README_vllm0.8.md

# Upgrading to vLLM >= 0.8

## Installation

Note: This version of veRL+vLLM 0.8+ supports **FSDP** for training and **vLLM** for rollout.

```bash
# Create the conda environment
conda create -n verl python==3.10
conda activate verl

# Install verl
git clone https://github.com/volcengine/verl.git
cd verl
pip3 install -e .

# Install the latest stable version of vLLM
pip3 install vllm==0.8.3

# Install flash-attn
pip3 install flash-attn --no-build-isolation

```

We have a pre-built docker image for veRL+vLLM 0.8.3. You can direct import it with the following command:

```bash
docker pull hiyouga/verl:ngc-th2.6.0-cu126-vllm0.8.3-flashinfer0.2.2-cxx11abi0
```

## Features

vLLM 0.8+ supports cuda graph and V1 engine by default in veRL. To enable these features, remember to add the following lines to the bash script:

```bash
actor_rollout_ref.rollout.enforce_eager=False \
actor_rollout_ref.rollout.free_cache_engine=False \
```

and also **remove** the environment variable if it exists:

```bash
export VLLM_ATTENTION_BACKEND=XFORMERS
```

## Notes

When you just directly upgrade vllm>=0.8, some dependency packages may undergo version changes.

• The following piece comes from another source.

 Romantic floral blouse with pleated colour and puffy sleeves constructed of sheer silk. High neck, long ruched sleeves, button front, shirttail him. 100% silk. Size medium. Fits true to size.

If you encounter the following problems:

```bash
in <module> from torch.multiprocessing.reductions import ForkingPickler ImportError: cannot import name 'ForkingPickler' from 'torch.multiprocessing.reductions' (/opt/conda/lib/python3.11/site-packages/torch/multiprocessing/reductions.py)
```

You need to upgrade `tensordict` to version 0.6.2 using the command `pip install tensordict==0.6.2`.